O pessoal não sabe nada de trem na prática, eles deviam vir aqui conhecer a realidade, às vezes pedem para a gente parar o trem e desligar, e daí um minuto pedem para dar partida. Eu não desligo mesmo, porque um trem de 8 mil toneladas, dependendo do lugar, é arriscado desligar, pode dar queda de ar e depois você não consegue arrancar. Mas eles acham que isso aqui é igual “ferrorama de brinquedo” (Felisberto – maquinista).

Também comentam que a forma de lidar com as intercorrências nem sempre tem a melhor direção, pois fazem prevalecer a hierarquia em situações desnecessárias, preferem acionar o inspetor a estabelecer um diálogo com os maquinistas:

A relação com o CCO nem sempre é boa, depende muito do despachador [ou controlador de tráfego] que você pega. Às vezes, o sistema não funciona [quando, por exemplo, manda uma mensagem e às vezes o despachador não responde de imediato depois de uma parada solicitada. Ele pede para dar partida e, por ter que esperar o procedimento técnico, não arranca] e, ao invés de ligar para você, ele não faz, ele liga para o inspetor. É tudo a ferro e fogo, não querem saber o que aconteceu (Ítalo – maquinista).
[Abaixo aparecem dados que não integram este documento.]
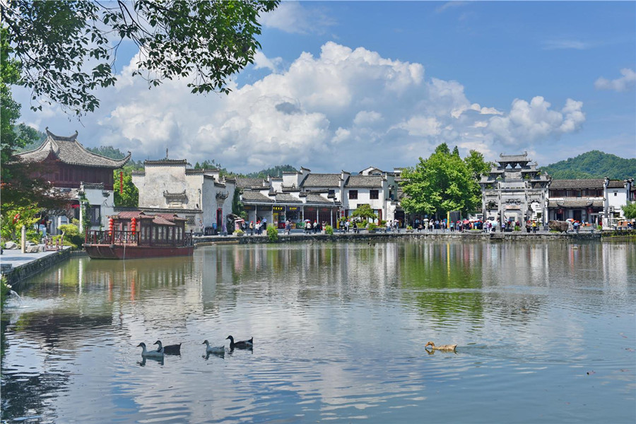 5月23日,黄山市黟县西递景区风景迷人,碧水、树木与徽派古民居相映成趣,吸引众多游人前来游玩。
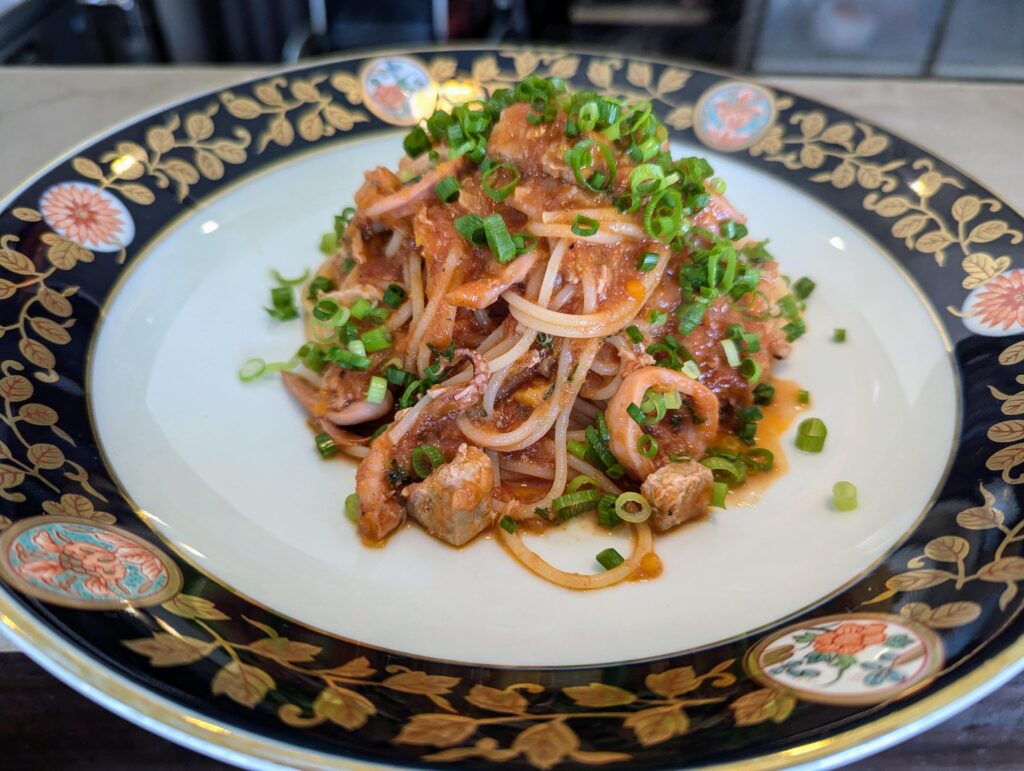 そしてメインのパスタが運ばれてきました。 細めのスパゲティにバターの効いたトマトソースとスルメイカとお魚の旨味染み出して、 しっかりと味が絡んでいます。
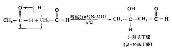含有氢原子的醛在稀碱的作用下,一分子醛的α氢原子加到另一分子醛的羰基氧原子上,其余部分加到羰基的碳原子上,生成既含有羟基又含有醛基的β-羟基醛(醇醛),这个反应称为羟醛缩合或醇醛缩合。例如:
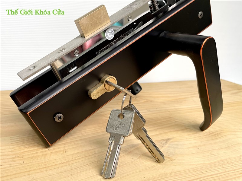 - Then khóa, Ổ khóa được làm bằng đồng vàng (đồng thau) có kết cấu chắc chắn, an toàn. Ổ khóa sử dụng chìa vi tính tránh bị trùng chìa, dò chìa, rất an toàn
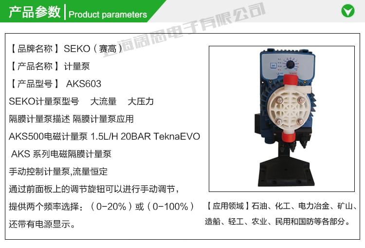 加藥計量泵AKS603 賽高SEKO工程塑料PVDF耐酸堿電磁驅動加藥泵

Os maquinistas ainda relatam que o sistema permite avaliar a interface com o operador de tráfego, mas na maioria das vezes não o fazem, porque não veem resultados concretos.

Eu faço quando fico danado com o despachador, para deixar registrado, uma forma de me defender, né? Mas, no fundo, a gente sabe que não muda quase nada. Só dá alguma coisa quando é sério, tipo assim... uma licença errada em algum trecho e dá um acidente, essas coisas (André –maquinista).